首都圏を中心にガスを供給している東京ガスでは、地震のデータをもとに火災の発生を防ぐ取り組みを進めています。

関東南部を中心に地震計を1平方キロメートル当たり1基、あわせて4000基設置し、震度6弱以上に相当する激しい揺れを感知した場合にはデータをもとに地域のガスの供給を自動で停止するシステムを構築しています。

揺れを感知してガス漏れなどによる火災を防ぐ仕組みとしては、一般家庭に設置されているマイコンメーターがありますが、このシステムでは地区全体に供給されるガスを速やかに止めることで火災の防止につながるとしています。

東京ガスによりますと12年前の東日本大震災では茨城県日立市や横浜市の一部の地域でガスの供給を自動で停止し、ガス漏れなどによる大きな被害は発生しなかったということです。

地震計のデータは警視庁や首都高速道路などにも共有され、災害時の交通規制などに役立てられることになっています。

東京ガスネットワーク防災グループの相河淳一郎マネージャーは「阪神・淡路大震災や東日本大震災などの大規模な災害を契機に対策の高度化を進めてきました。
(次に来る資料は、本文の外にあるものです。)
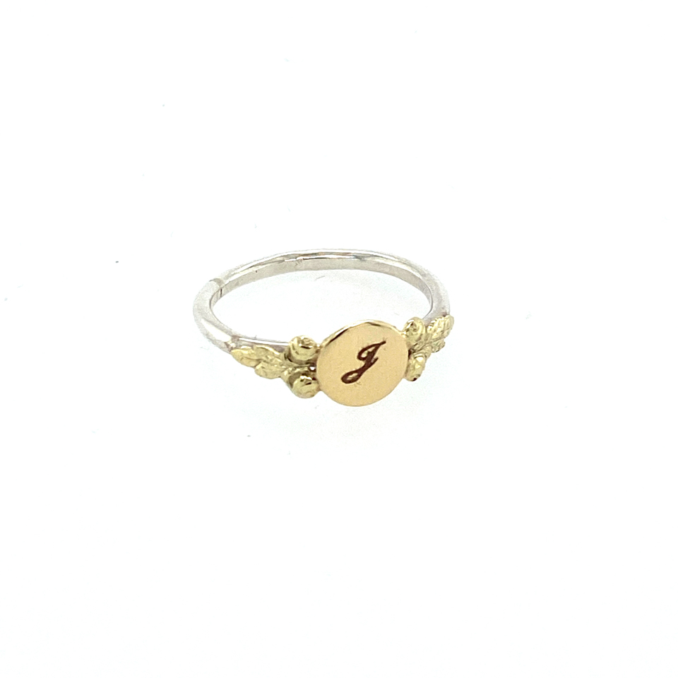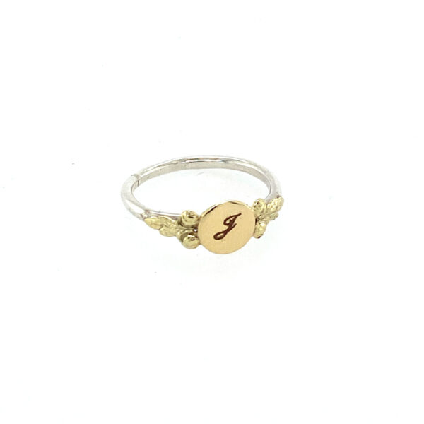 Zilveren ring met gouden elementen en gegraveerde initiaal.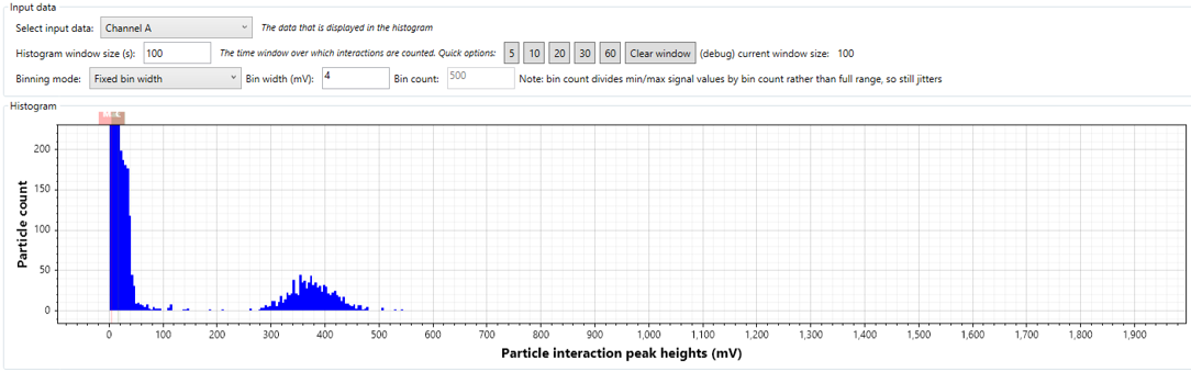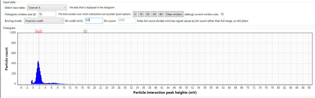 Fig 2: A peak of ~365 mV measured for 1.3 µm PSLs. The high particle count of smaller sizes (~ <50 mV) is likely to be surfactant from the PSL solution

首都直下地震が起きるかもしれないという状況の中で、災害の備えへの意識は非常に高まっていて、少しでもよくしていけるよう歩みを続けなければいけないと考えています」と話していました。

関東大震災 未曽有の被害に

今から100年前の大正12年9月1日に発生した関東大震災は、近代化した首都圏を襲った大地震により激しい揺れや、津波、土砂災害、それに大規模な火災などが発生し未曽有の被害となりました。

午前11時58分に関東南岸の「相模トラフ」を震源とするマグニチュード7.9の大地震が起き、当時の震度階級では
▽東京、神奈川県、千葉県、埼玉県、山梨県で震度6の激しい揺れを観測し、
▽北海道から四国にかけての広い範囲で震度5から1の揺れを観測しました。

内閣府の報告書などによりますと神奈川県のほか東京や千葉県など関東南部を中心にあわせて10万を超える住宅が全壊しました。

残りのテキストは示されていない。